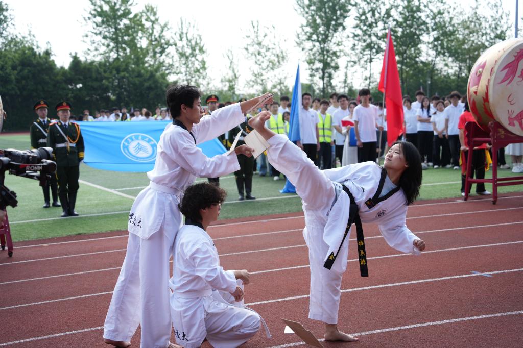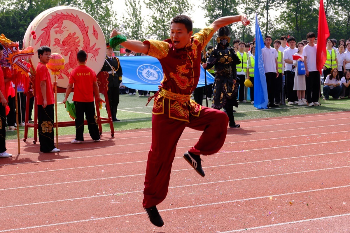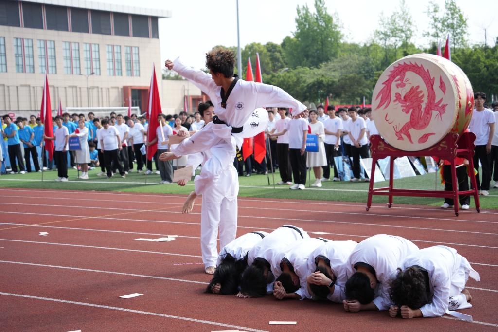 在学院方阵之后,体育代表队的精彩表演将现场气氛进一步推向高潮。跆拳道队动作刚劲有力,踢击、腾跃干净利落,尽显拼搏精神与专业素养;健美操队伴随动感音乐登场,队形流畅、节奏明快,以青春活力感染全场。随后上演的《龙腾少年·武耀芳华》舞龙表演气势恢宏,长龙翻腾、起伏有致,展现出中华传统体育的力量之美;九节鞭武术展示鞭影翻飞、刚柔并济,将现场氛围不断推向高潮,赢得阵阵掌声与喝彩。
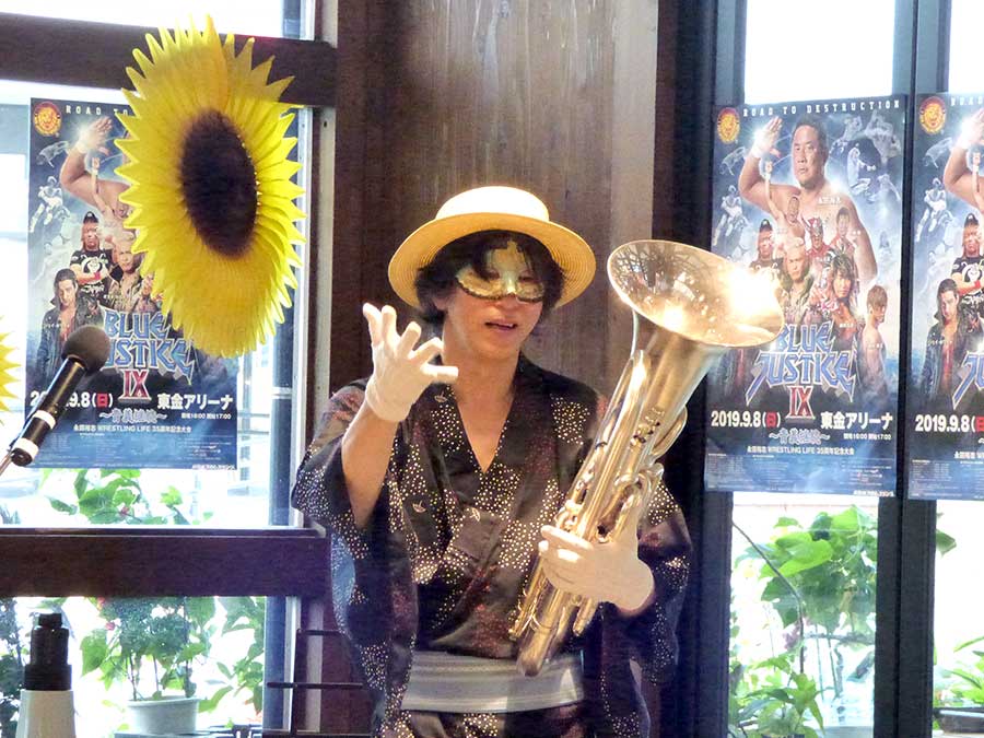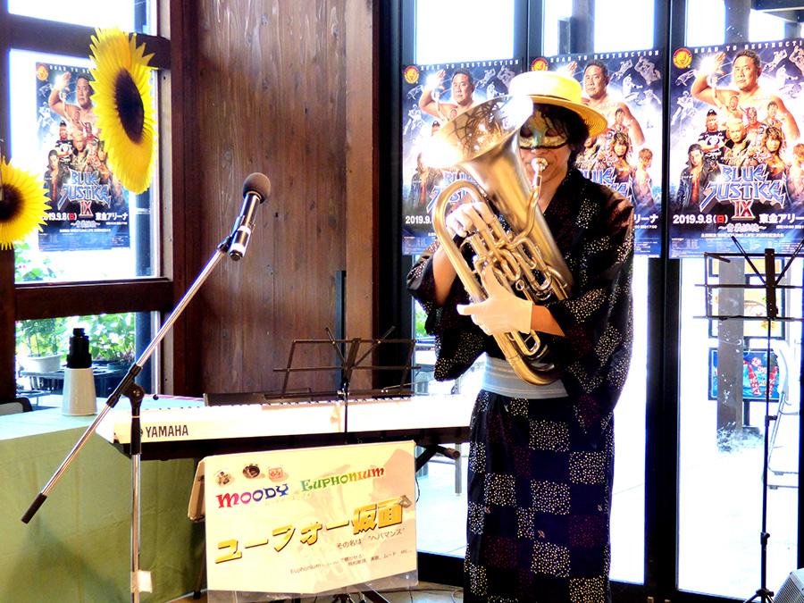 最終日の1ステージ目はユーフォー仮面 その名は”ヘバマンズ・アヤ・シカダーネ”さんによるユーフォニアム演奏でした。
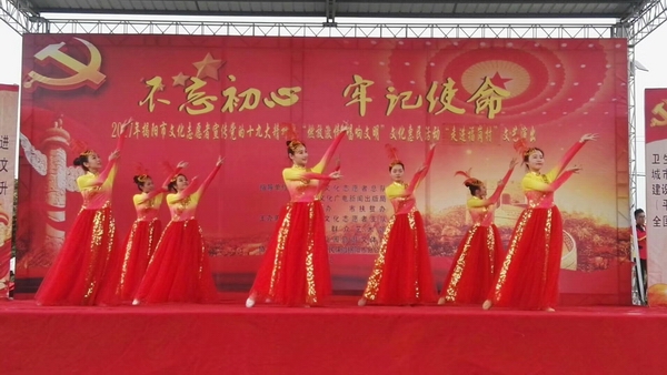 在演出现场,文化志愿者倾情演绎,用文艺的形式宣传党的政策。伴随曼妙的歌舞,党的声音在人民群众中传播,十九大精神在人民心中生根发芽,激励人们在揭阳市委市政府的正确领导下,奋勇前行,积极开展“九项行动”,大力推动“五城同创”,为提升揭阳人民的幸福感,把揭阳打造成粤东新发展极而奋斗!
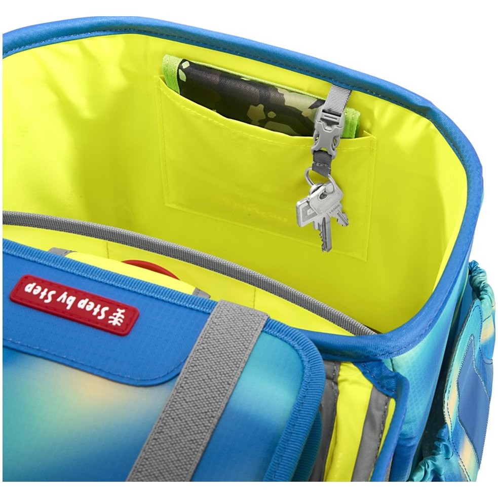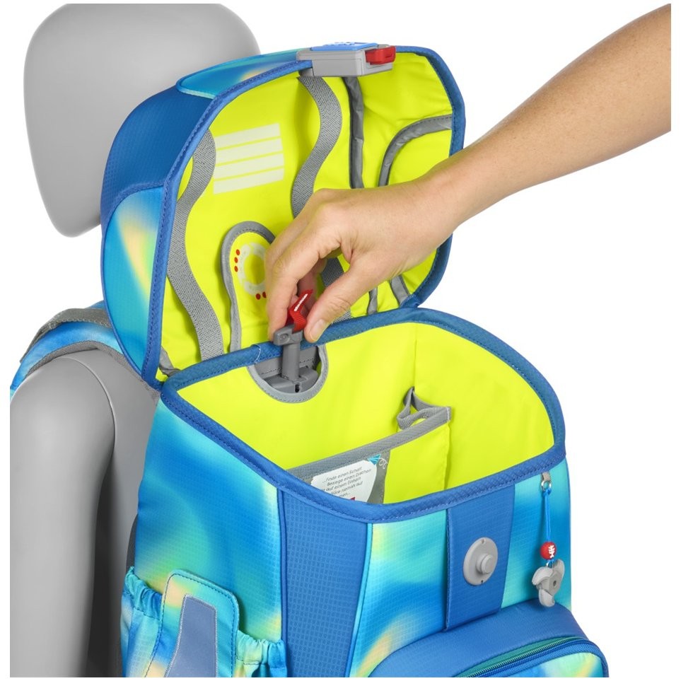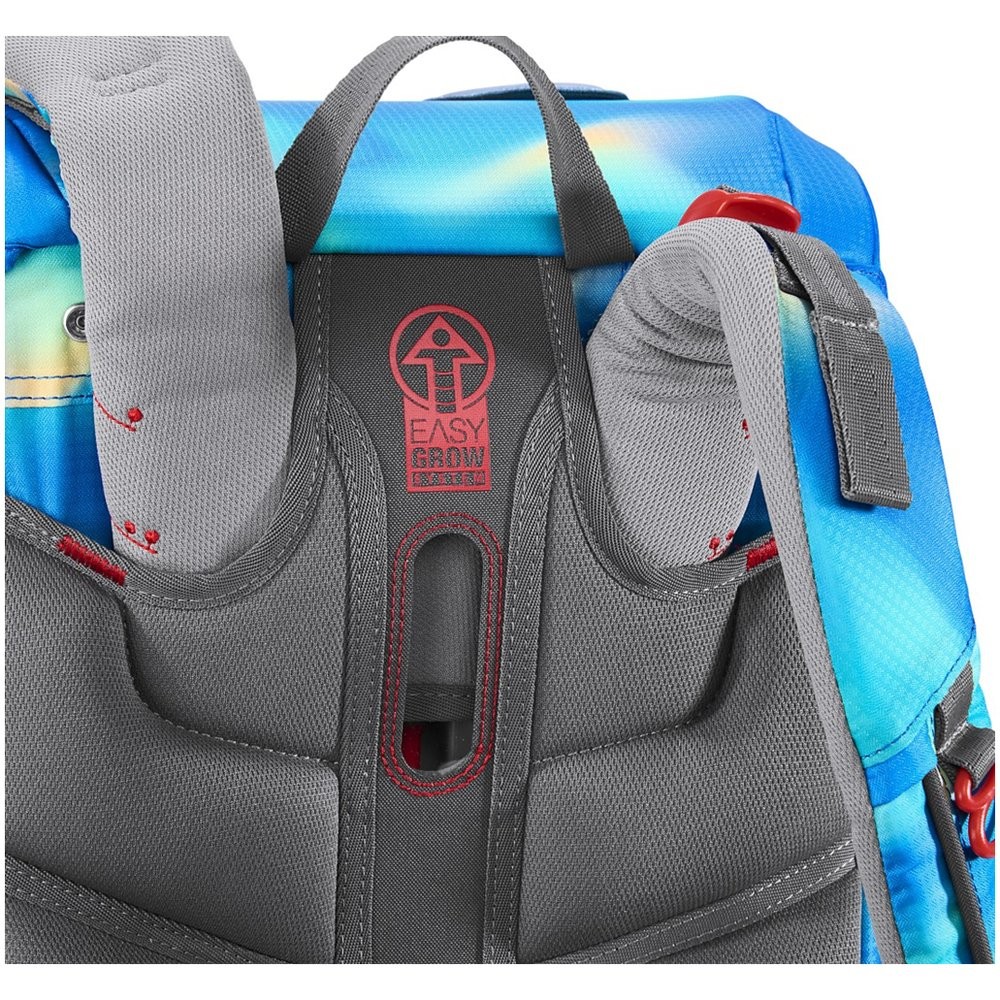 Odľahčený, odolný a vodeodolný materiál, prehľadná jednokomorová aktovka, ľahká konštrukcia zo sklolaminátu drží stabilný tvar aktovky. Ergonomicky tvarovaný chrbát s mäkkým priedušným polstrovaním. Polstrované, nastaviteľné popruhy na ramená v tvare S. Háčiky na popruhu pre zavesenie koncov popruhu, doťahovacie pásky na ramennom popruhu, slúžia k dokonalému priľnutiu aktovky k chrbtu dieťaťa.

+++++

WORK TO BE COMPLETED:
Would you please output the listing above exactly, leaving out the pictures?

SOLUTION TO THE PROBLEM:
 在学院方阵之后,体育代表队的精彩表演将现场气氛进一步推向高潮。跆拳道队动作刚劲有力,踢击、腾跃干净利落,尽显拼搏精神与专业素养;健美操队伴随动感音乐登场,队形流畅、节奏明快,以青春活力感染全场。随后上演的《龙腾少年·武耀芳华》舞龙表演气势恢宏,长龙翻腾、起伏有致,展现出中华传统体育的力量之美;九节鞭武术展示鞭影翻飞、刚柔并济,将现场氛围不断推向高潮,赢得阵阵掌声与喝彩。
 最終日の1ステージ目はユーフォー仮面 その名は”ヘバマンズ・アヤ・シカダーネ”さんによるユーフォニアム演奏でした。
 在演出现场,文化志愿者倾情演绎,用文艺的形式宣传党的政策。伴随曼妙的歌舞,党的声音在人民群众中传播,十九大精神在人民心中生根发芽,激励人们在揭阳市委市政府的正确领导下,奋勇前行,积极开展“九项行动”,大力推动“五城同创”,为提升揭阳人民的幸福感,把揭阳打造成粤东新发展极而奋斗!
 Odľahčený, odolný a vodeodolný materiál, prehľadná jednokomorová aktovka, ľahká konštrukcia zo sklolaminátu drží stabilný tvar aktovky. Ergonomicky tvarovaný chrbát s mäkkým priedušným polstrovaním. Polstrované, nastaviteľné popruhy na ramená v tvare S. Háčiky na popruhu pre zavesenie koncov popruhu, doťahovacie pásky na ramennom popruhu, slúžia k dokonalému priľnutiu aktovky k chrbtu dieťaťa.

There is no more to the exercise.